Electric discharge machine process parameters optimization for additively manufactured copper-graphene tool

The overall cost associated with a product manufactured using electric discharge machine (EDM) incorporates tooling cost as one of the significant components. In the present study, process optimization was attempted for EDM parameters to minimize the electrode wear and cavity size variation and maximize the material removal rate. The machining was carried out using composite tool fabricated using a two-step methodology that involves an indirect 3D printing technique, rapid tooling, and pressureless microwave sintering. Composite samples having rectangular cross-section (35 mm x 25 mm x 10 mm) were fabricated. The central composite design technique was utilized to plan and conduct experiments. EDM process parameters-discharge current, pulse-on time, and duty factor-were considered to investigate their effect on electrode and material removal rate and cavity dimension deviation.
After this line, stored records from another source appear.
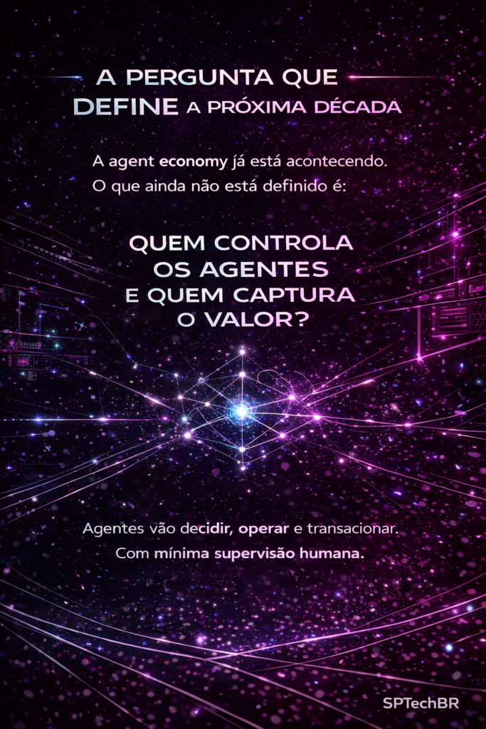 A pergunta é: quando agentes autônomos puderem contratar, pagar, decidir e operar com mínima supervisão humana — quem vai ser responsável pelo que eles fazem, e quem vai capturar o valor que eles criam?
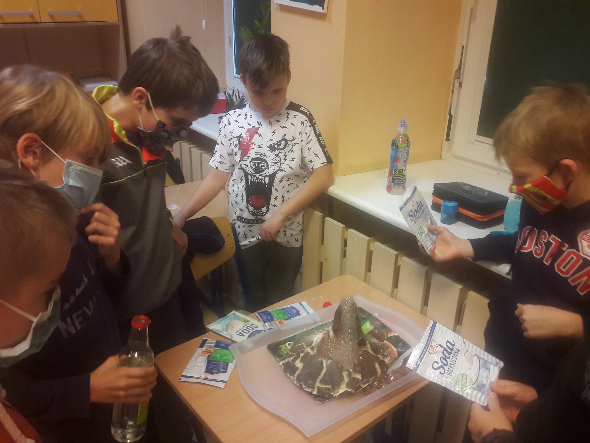 Zajęcia "Nauka przez doświadczenia" to nie tylko zdobywanie wiedzy, ale także świetna zabawa. Przekonali się o tym uczniowie klas trzecich, którzy zbudowali wulkany i przy pomocy sody i octu dokonali "wielkich wybuchów". Było SUPER!!!!
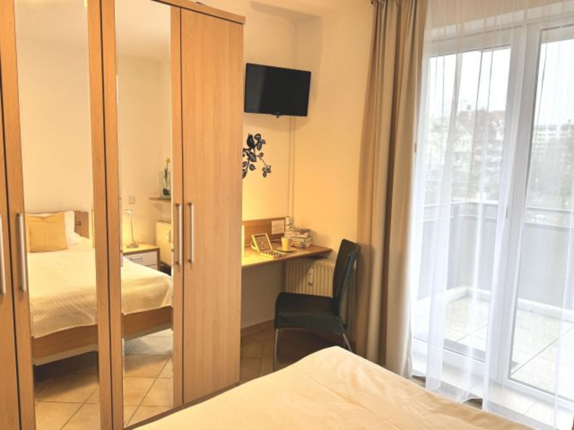 Separates Schlafzimmer mit Doppelbett 200x200, großem Kleiderschrank, Schreibplatz, Spiegel. Möblierter Balkon.
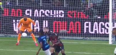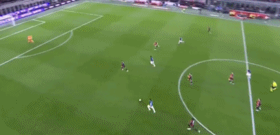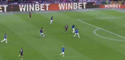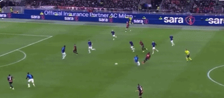 回过头来,AC米兰踢出犀利反击,福法纳中路送出精妙直塞,埃斯图皮尼安左路插上,小角度爆射破门,红黑军团打破僵局,1-0!
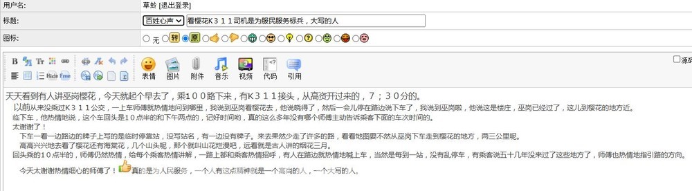回头乘的10点半的,师傅仍然热情,给每个乘客热情讲解,一路上都和乘客热情招呼,有人在路边就热情地喊上车,当然是每到一站,没有乱停车,有乘客说五十几年没来过了这些地方了,师傅也热情地指引路的方向。
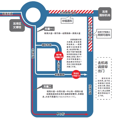 机场口枢纽工程预计2017年底完工,也就是双向四车道通行的情况可能会持续到2017年底。目前,施工方中交一公司项目部已开通“龙湾机场口枢纽”微信公众号,届时若遭遇拥堵,市民可通过微信留言联系施工方设置临时通道通行。(林敏 秦泓)
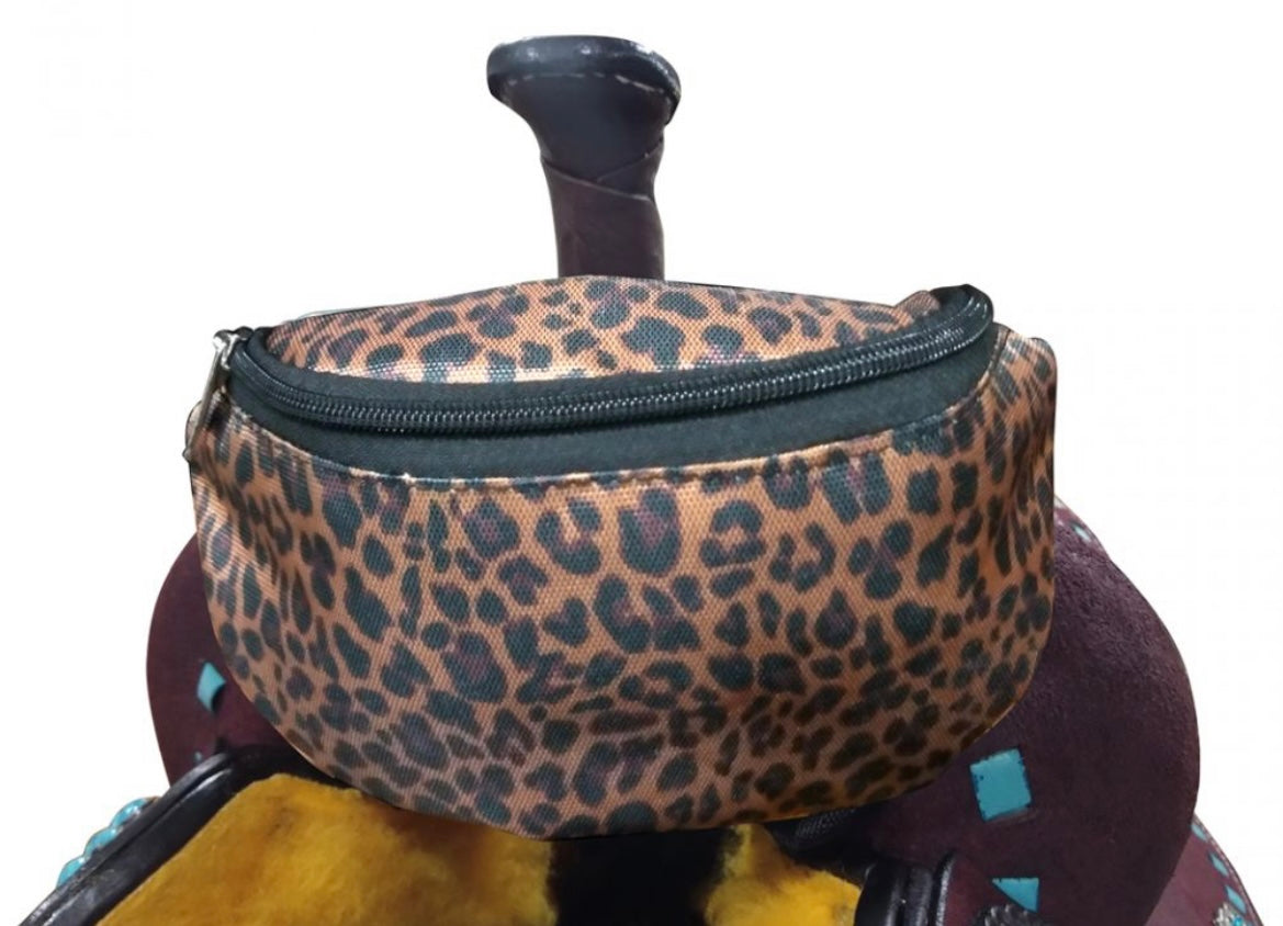 Cheetah Print Insulated Nylon Saddle Pouch. Includes two convenient pockets that are ideal for your phone, keys, money, snacks, etc. Simply clip the saddle pouch to the pommel of your saddle with two buckles. Measures 8.5" long by 3.5" wide by 4.5" tall.
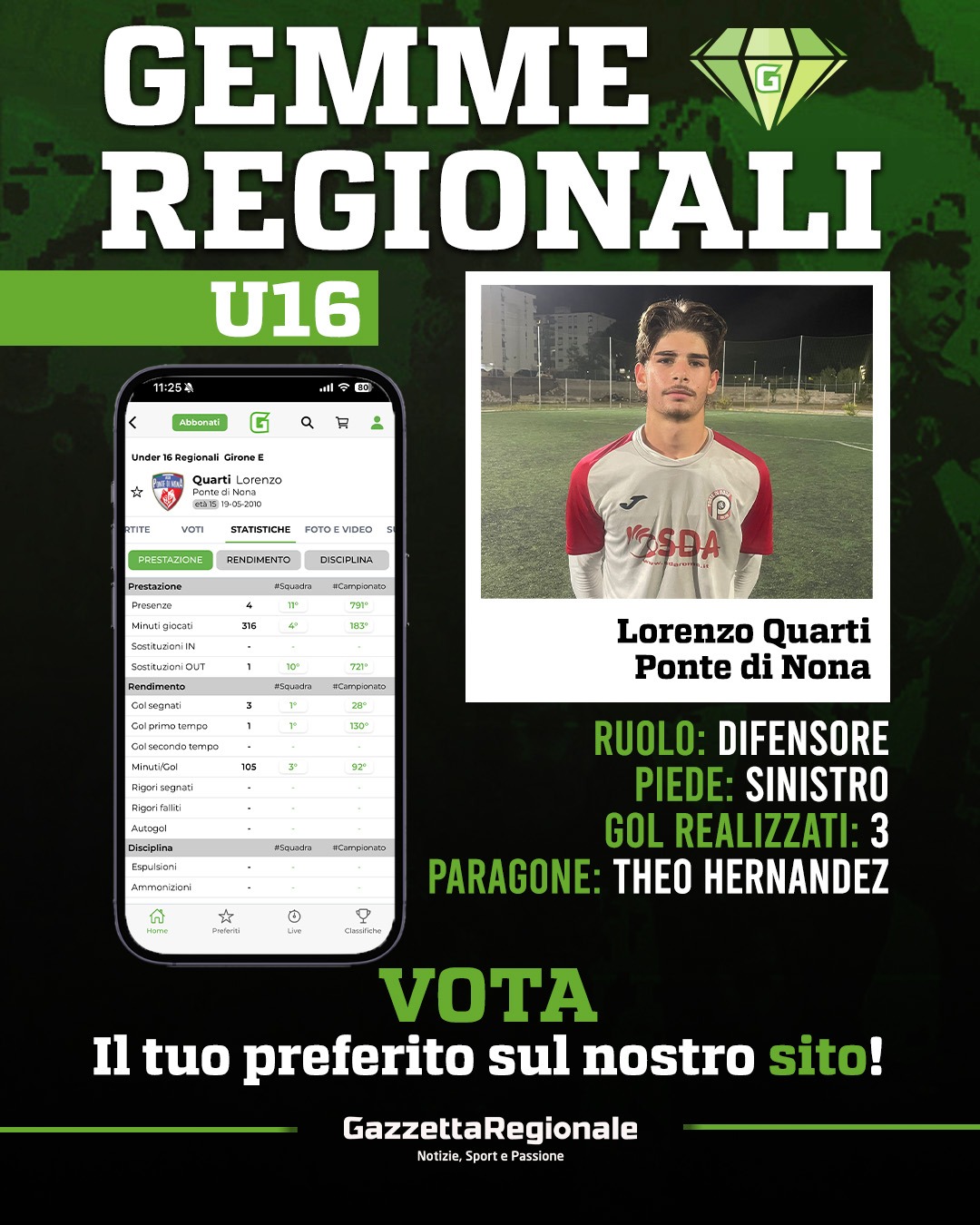 Tre gol nelle prime quattro partite, che sono coincise con tre vittorie ed una sola sconfitta, quella in casa del San Paolo Ostiense. Già protagonista nella scorsa stagione, ma ancor di più in quest'inizio di 2025-2026 dove con le sue scorribande sta facendo ancora la fortuna del Ponte di Nona. Parliamo di Lorenzo Quarti, terzino sinistro classe 2010, a segno per tre volte di fila, oltre che nel 3-2 già citato anche contro Alba Roma (vittoria per 3-1) e Ciampino, con uno 0-5 che non ha lasciato scampo agli aeroportuali. Il paragone che ne fa il suo tecnico è di quelli lusinghieri, ma ovviamente fatte le dovute proporzioni. Ossia Theo Hernandez, ex Milan ora in Arabia Saudita.
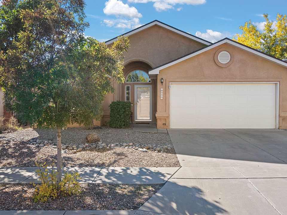 Welcome home to this enchanting single-story residence nestled in the Northwest Albuquerque neighborhood of Paradise West. The open floor plan flows seamlessly from a light-filled living area--anchored by a cozy gas-log fireplace--into the dining zone and kitchen, creating an inviting space for gathering and entertaining. The primary suite is located on the main level and offers generous proportions. The home also includes two additional well-sized bedrooms and two full bathrooms, one of which features dual sinks, a separate shower and a garden tub. Outside, the fully fenced private yard is both tranquil and functional--ideal for quiet evenings or summer BBQs.
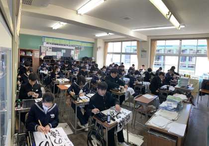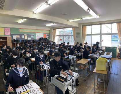 2年生の書き初め大会の様子です。 【写真上:21H】 【写真中:22H】 【写真下:23H】
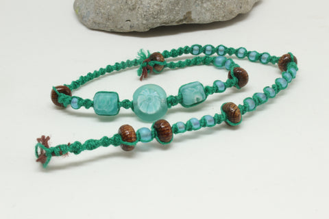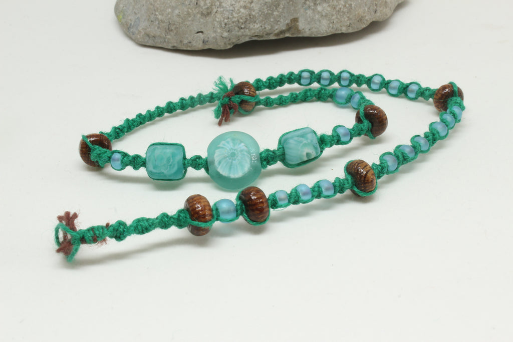 Wrap Bracelet Eco-friendly organic hemp | colouredHandmade with thrifted glass and wooden beadsAll materials are locally sourcedApprox. 14.5" in total length
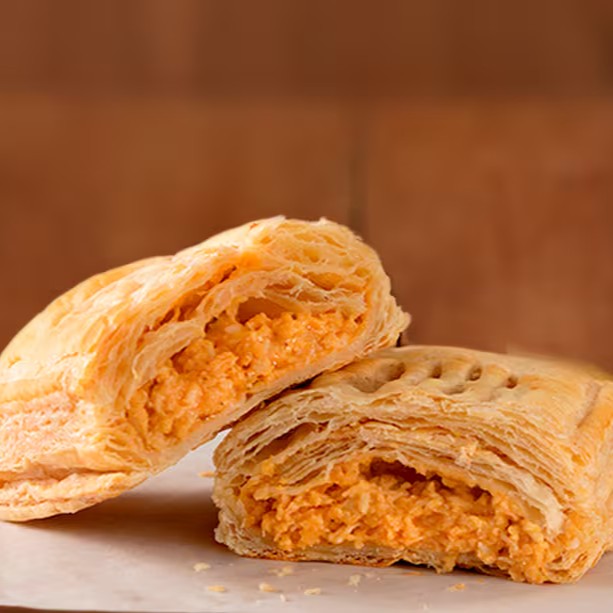 Massa folhada com recheio de frango com requeijão. Direto do nosso forno até sua porta.
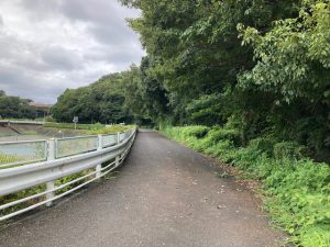 「栗原遊水地」遊歩道周辺の森林の枝が、雨が降ると垂れ下がり

Multi-objective optimization was performed using genetic algorithm, and an optimized set of machining parameters 6 A discharge current, 180 mu s pulse-on time, and 75% duty factor was obtained. Machining of D2 steel was performed at these parameters, and an electrode wear rate of 1.81 mg/min, material removal rate of 97.35 mg/min, and dimensional deviation of 1.42% were obtained. To assess the process capability, a complex-shaped tool was fabricated and considered for machining. A dimensional comparison demonstrated an effective method for manufacturing intricately shaped composite electrodes, achieving both a low electrode wear rate and a high material removal rate.